(Data excerpts):
____________
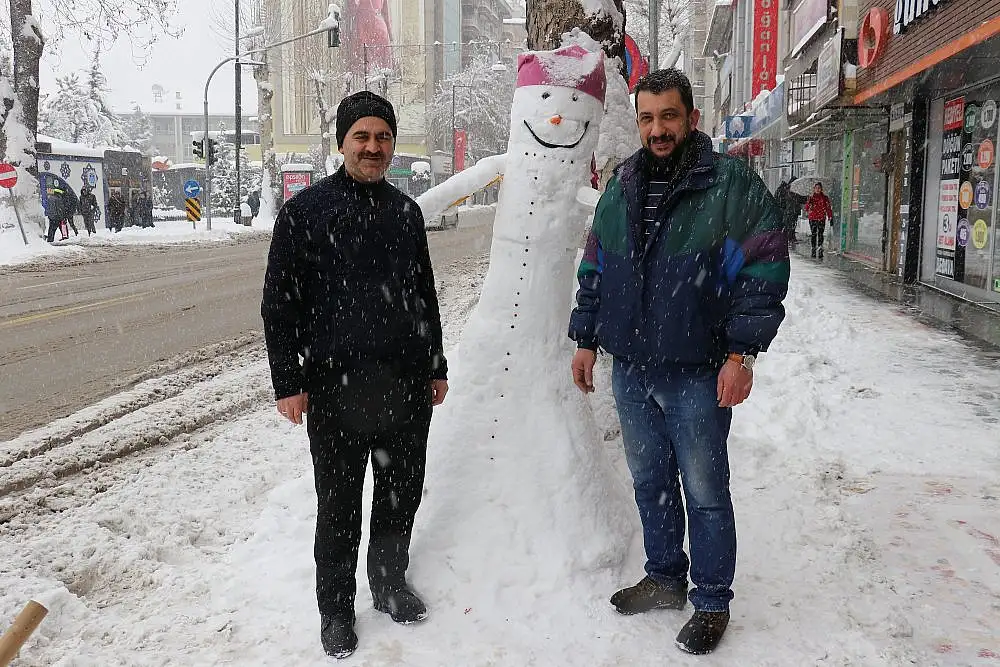 Kent merkezinde ise bazı esnaflar hem dükkanlarının önünü temizledi hem de bu anı eğlenceye dönüştürerek kardan adam yaptı.
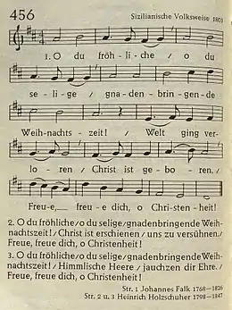 - ↑ Falk, Johannes Daniel (30 January 1817). "O du fröhliche". Zweiter Bericht der Gesellschaft der Freunde in der Noth. Weimar.
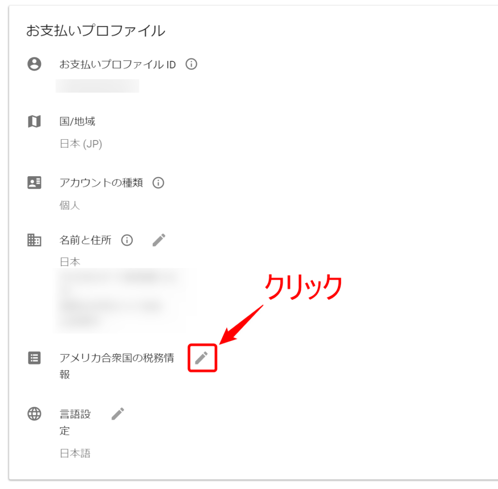 「アメリカ合衆国の税務情報」の横にあるペンマークをクリック
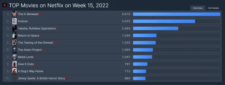 En la anterior actualización, The Bubble se había impuesto como la más elegida en todo el mundo, pero su furor no duró demasiado, ya que las constantes críticas negativas le han jugado en contra a lo nuevo de Judd Apatow. Es por eso que el público dirigió su atención a los nuevos contenidos en el catálogo y en la sección películas se quedaron con The In Between o Entre la vida y la muerte.
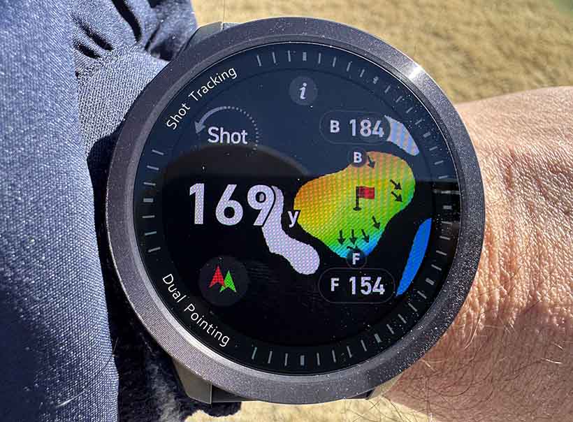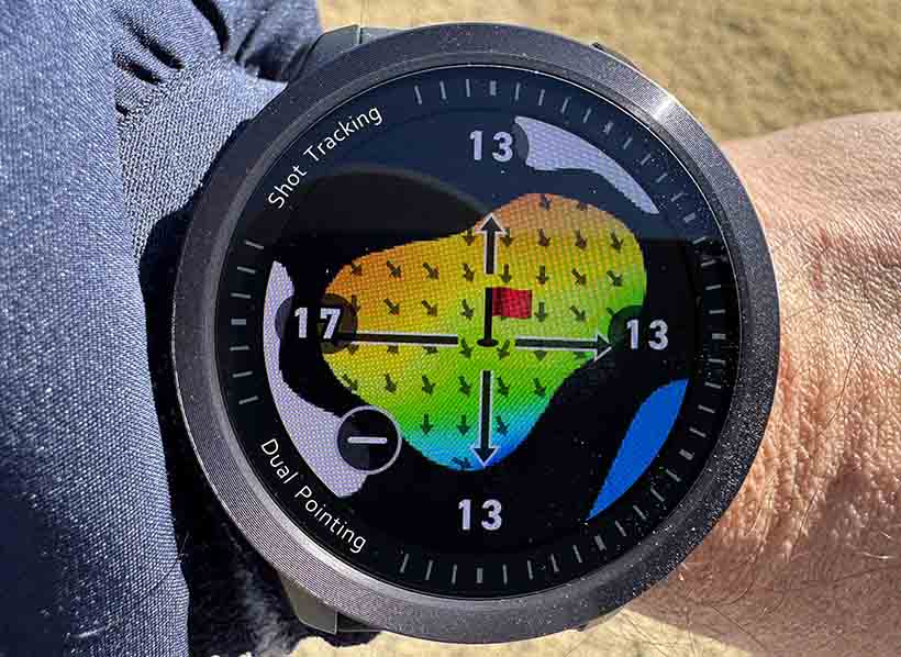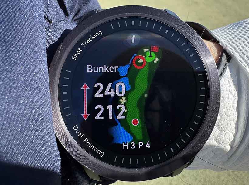 さてコースでのレポートですが、まずはコースに着いたらラウンドするコースを認識させないといけないわけですが、これがめちゃくちゃ速い。スマホの専用アプリと連携しておけば、「Quick GPS+」という機能でアッという間にコースを見つけ出してくれます。これまたストレス無し。
____________
(What the exercise asks):
Pictures in the listing above must be skipped; everything else should be copied exactly.

(Reply to the task):
 Kent merkezinde ise bazı esnaflar hem dükkanlarının önünü temizledi hem de bu anı eğlenceye dönüştürerek kardan adam yaptı.
 - ↑ Falk, Johannes Daniel (30 January 1817). "O du fröhliche". Zweiter Bericht der Gesellschaft der Freunde in der Noth. Weimar.
 「アメリカ合衆国の税務情報」の横にあるペンマークをクリック
 En la anterior actualización, The Bubble se había impuesto como la más elegida en todo el mundo, pero su furor no duró demasiado, ya que las constantes críticas negativas le han jugado en contra a lo nuevo de Judd Apatow. Es por eso que el público dirigió su atención a los nuevos contenidos en el catálogo y en la sección películas se quedaron con The In Between o Entre la vida y la muerte.
 さてコースでのレポートですが、まずはコースに着いたらラウンドするコースを認識させないといけないわけですが、これがめちゃくちゃ速い。スマホの専用アプリと連携しておけば、「Quick GPS+」という機能でアッという間にコースを見つけ出してくれます。これまたストレス無し。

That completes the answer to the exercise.